The major caveat is that the server will only return the first 100 results, if your query returns more than that many results due to there being more than 100 extant certificates in that range, the extras are discarded.

My first approach was to just use wget (technically PowerShell's Invoke-WebRequest) and iterate through the range of queries 000000 to 999999 (100 at a time), which was working & I was on track for a mid-September finish.

Unfortunately there are people that want this data sooner, so I've had to write a recursive function that (with my default input) queries a ten million-certs large sample space at once and searches a progressively smaller space until < 99 certs are returned for each subspace, then moving onto the next ten million.

The data isn't evenly distributed or very predictable, 'most' (~90%?) certs cluster around 10000000-19999999 and 30000000-39999999 but I need them all.

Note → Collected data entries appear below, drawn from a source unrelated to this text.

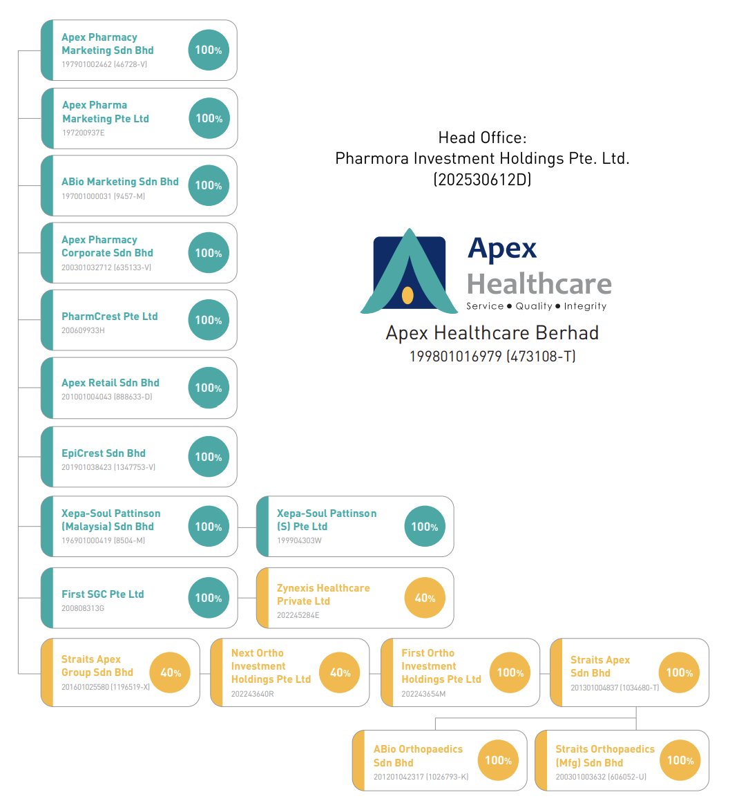 Apex Healthcare Berhad, a subsidiary of Pharmora Investment Holdings Pte Ltd, is a leading pharmaceutical group headquartered in Singapore, with operating subsidiaries in Malaysia and Singapore, and a commercial presence in over 20 countries worldwide.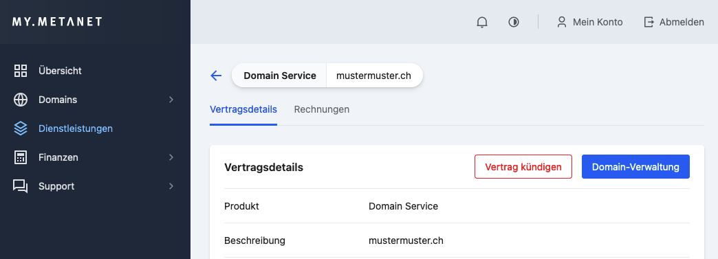 Um die Domain ohne Transfercode zu kündigen, klicken Sie in der Navigation links auf Dienstleistungen und anschließend direkt auf den betreffenden Domain Service. Klicken Sie nun in den Vertragsdetails auf den Menüpunkt Vertrag kündigen.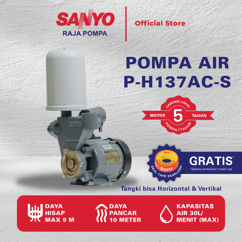 mall inline badgeSANYO Mesin Pompa Air Sumur Otomatis- P-H137AC-S Horizontal & Vertikal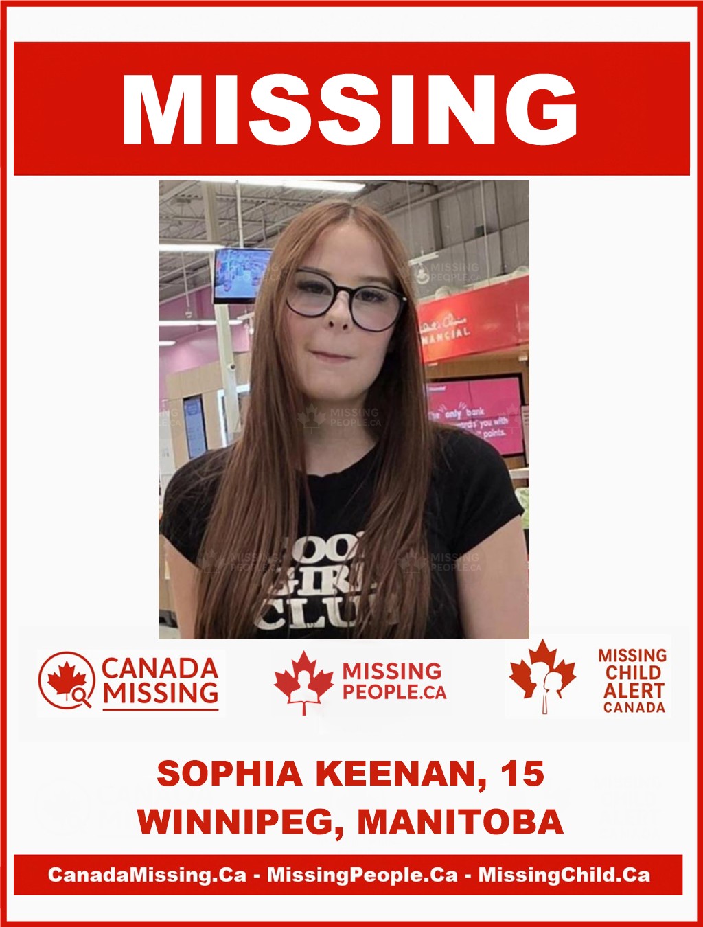 The Winnipeg Police Service Missing Persons Unit is asking for the public’s assistance in locating 15-year-old Sophia Keenan, who was last seen in the Transcona area of Winnipeg on October 3, 2025.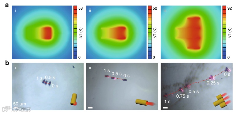 该研究中的微型机器人是通过光热驱动的,研究者分别讨论了微棒状、微管状及多喷嘴火箭状微型机器人的驱动效果。如图4a中有限元分析结果所示,当利用近红外光激发微型火箭机器人的尾部时,火箭尾部的温度显著高于头部温度,这种非对称性温度梯度产生的热泳力能够直接将微型机器人向前推进。此外,除了这种自热力外,中空微管结构还有利于形成管内光热能量集中,以高强热流的形式从管中喷出。因此,相比于实心微棒结构,中空微管结构的引入大大提升了微型机器人的驱动速度。如图4b所示,在相同的时间内(1 s),多喷嘴火箭微型机器人的前进距离最大(777.4 um),驱动速度比单个微管机器人快大约3倍,比微棒状机器人快大约7.5倍!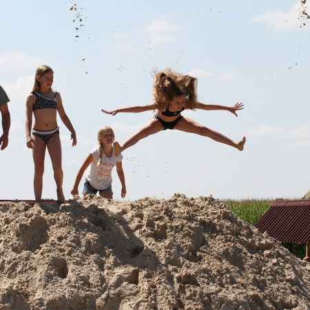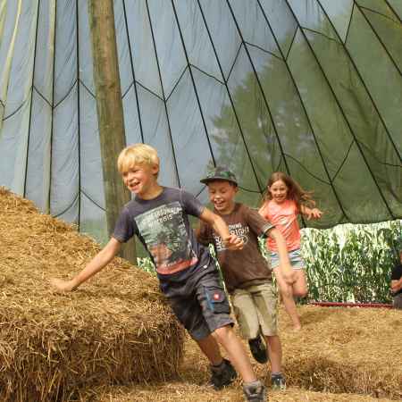 ... beim Toben im Heu, Rutschen auf Holzrutschen oder beim Erklimmen des Dachbodens über einen Kletterbaum. Ein riesiger Sandhaufen, das Pelletbad und unsere Strohburg warten darauf erobert zu werden.
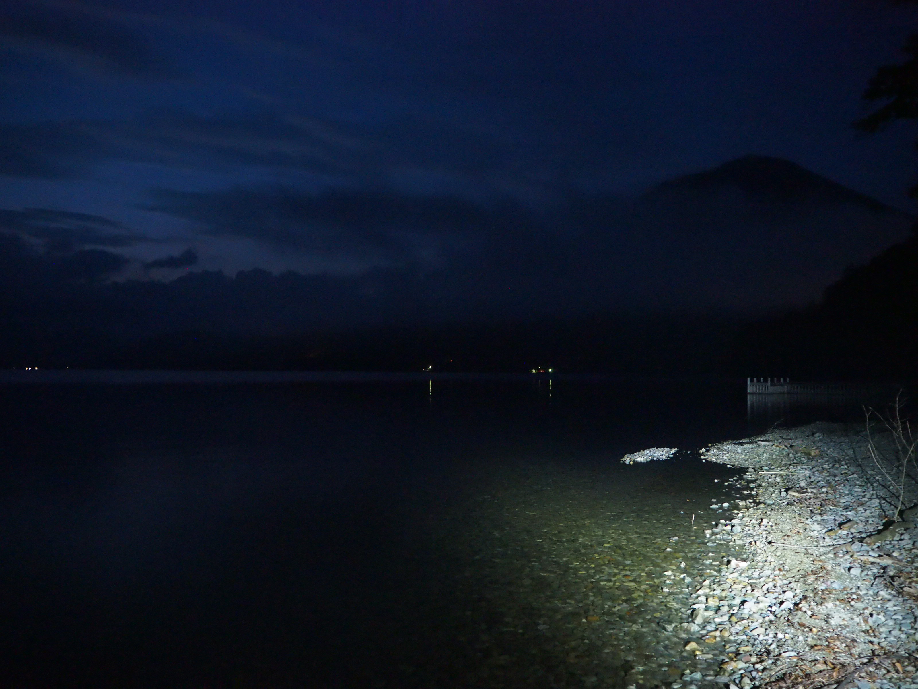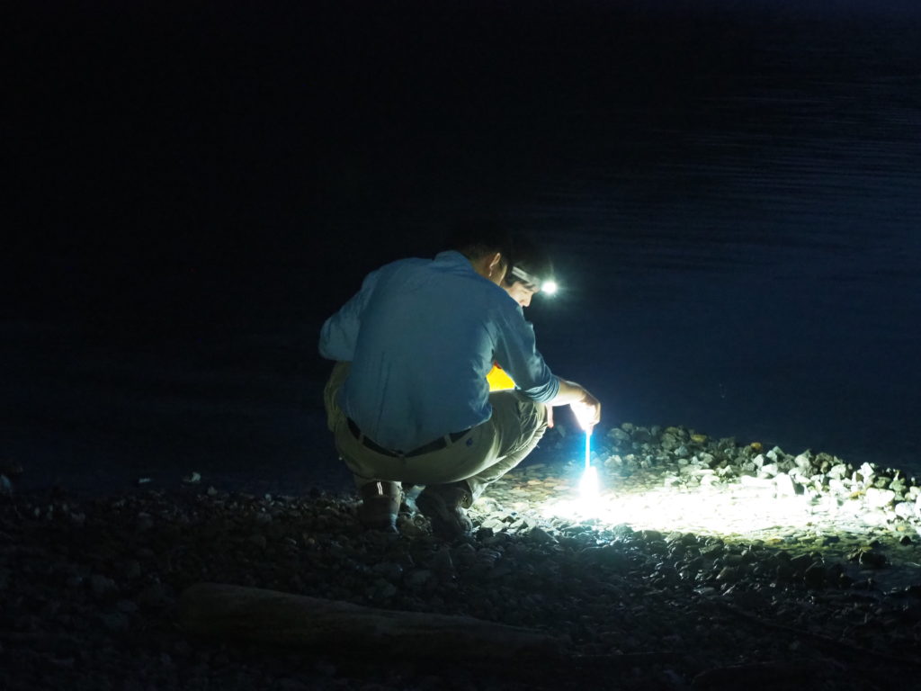 ライトを頼りに湖畔で生き物探し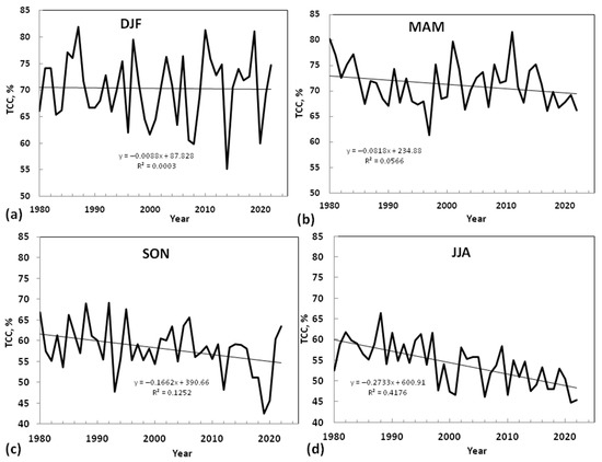 The seasonal long-term trend of TCC from 1980 to 2022 at the Terskol Observatory from ERA5 reanalysis: (a) winter (DJF); (b) spring (MAM); (c) autumn (SON); (d) summer (JJA).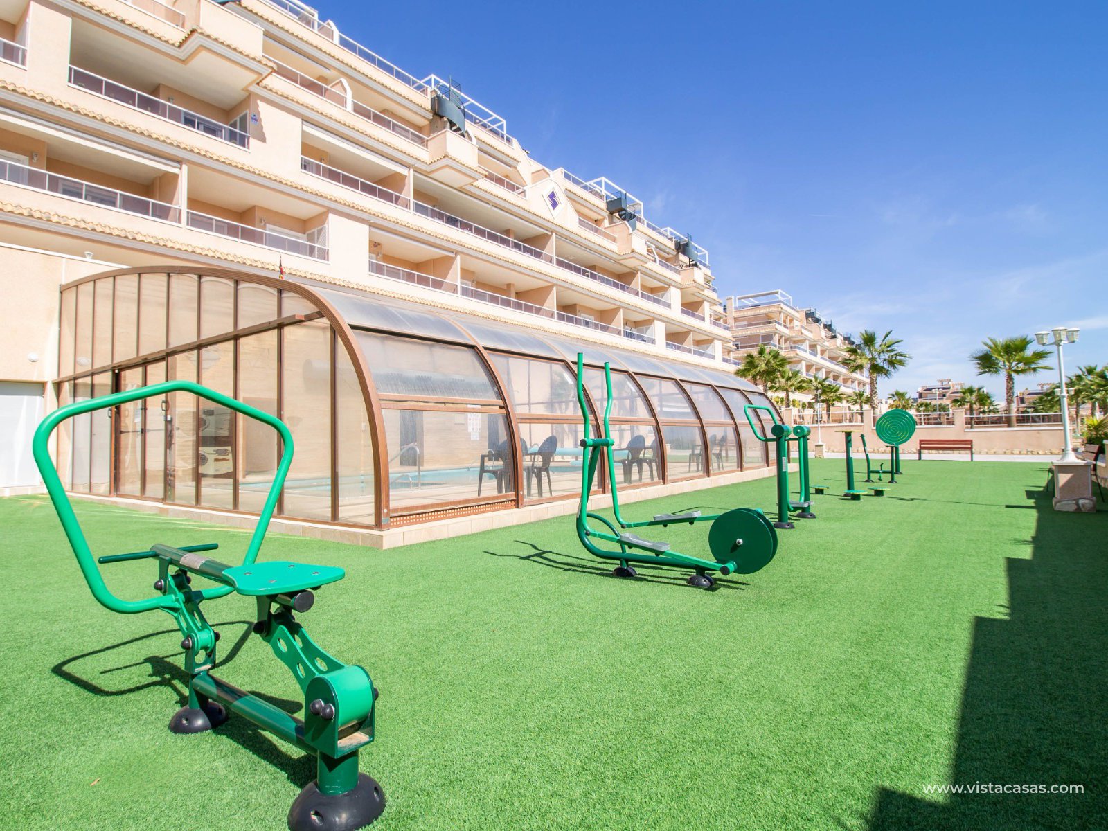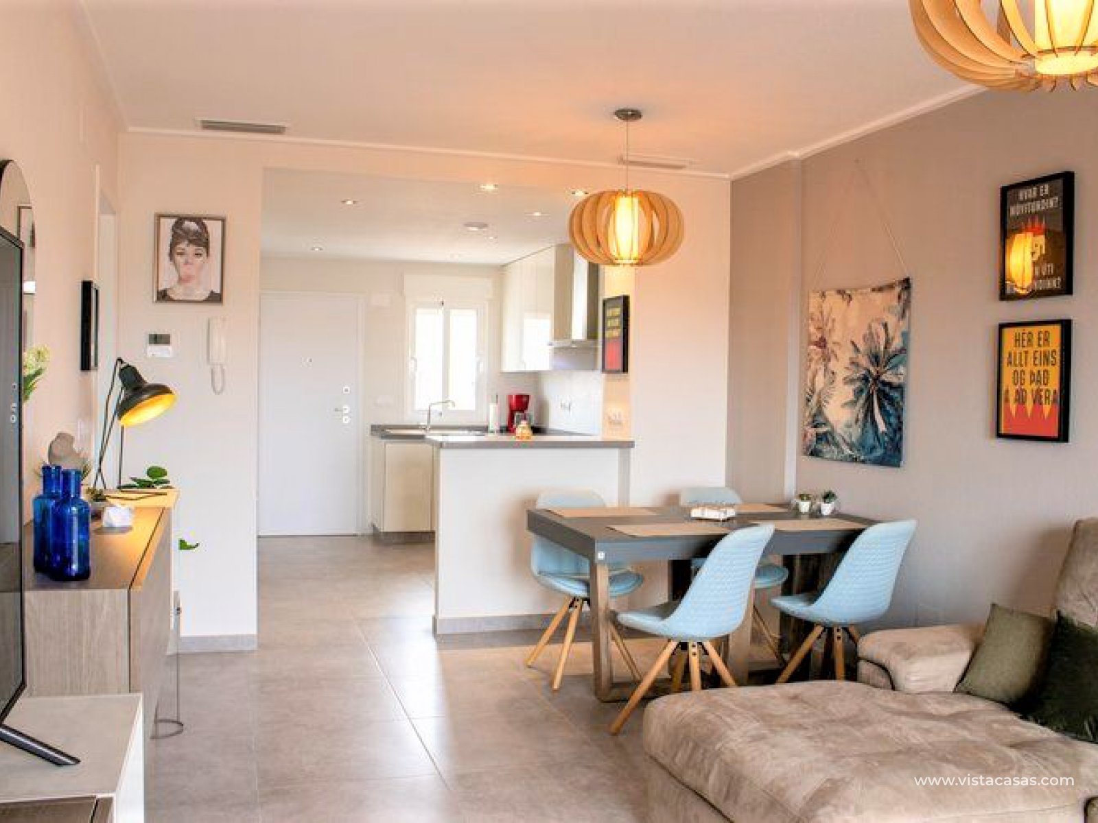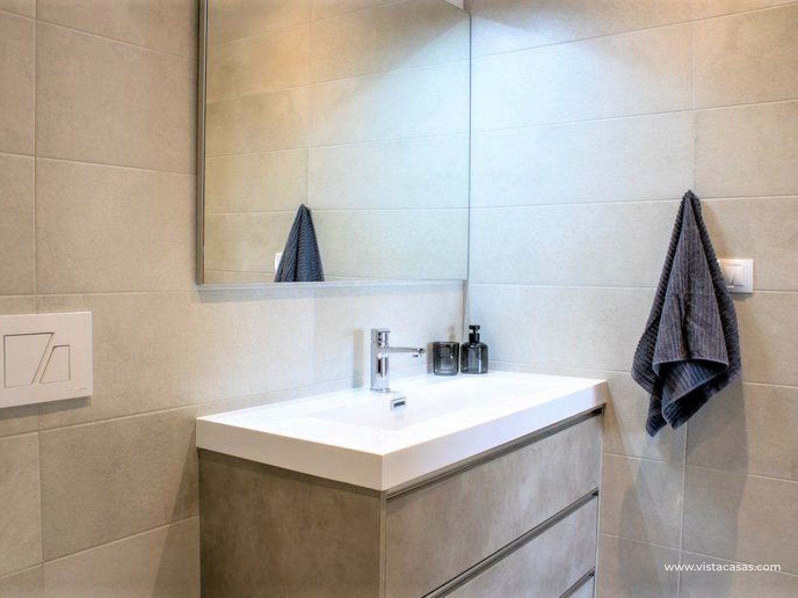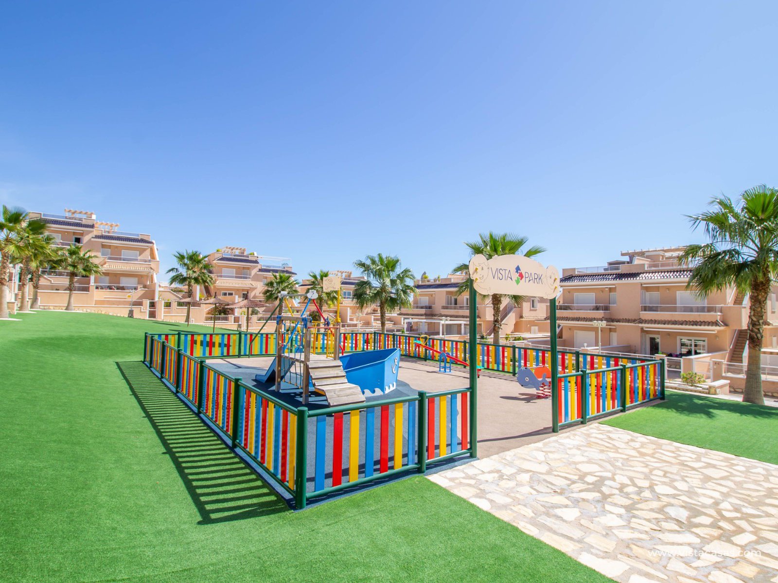 Fully equipped apartments constructed in 2020 and only 1km to the blue flag beaches of Punta Prima. These first floor apartments have a balcony terrace overlooking the community pool and gardens and comprise of having 2 bedrooms both with fitted wardrobes and 2 bathrooms [1 en suite] and both have underfloor heating, an open plan living and dining area and fully fitted kitchen with all appliances included. Throughout the apartments are hot and cold air conditioning and the properties will be sold fully furnished with all decorations, kitchen utensils etc etc. This gated complex has a large central pool area, indoor large jacuzzi, childrens' play area and, exercise machines and gardens. It is located close to all amenities in Punta Prima such as the Punta Marina shopping centre where there are a variety of bars, restaurants, supermarkets, pharmacy etc, and opposite the new parade of bars and restaurants. Each apartment also has included an underground, secure parking space.

Here's the function I'm currently using, it seems to be working (results are being written to file, and faster than before), but it is still ongoing. Are there any:

  1. Glaring errors with the function
  2. Better choices of inputs (for better efficiency)
  3. Completely different approaches that would be better

The variable '$certsession' is established outside this snippet and represents the web server session (login information, cookies etc.)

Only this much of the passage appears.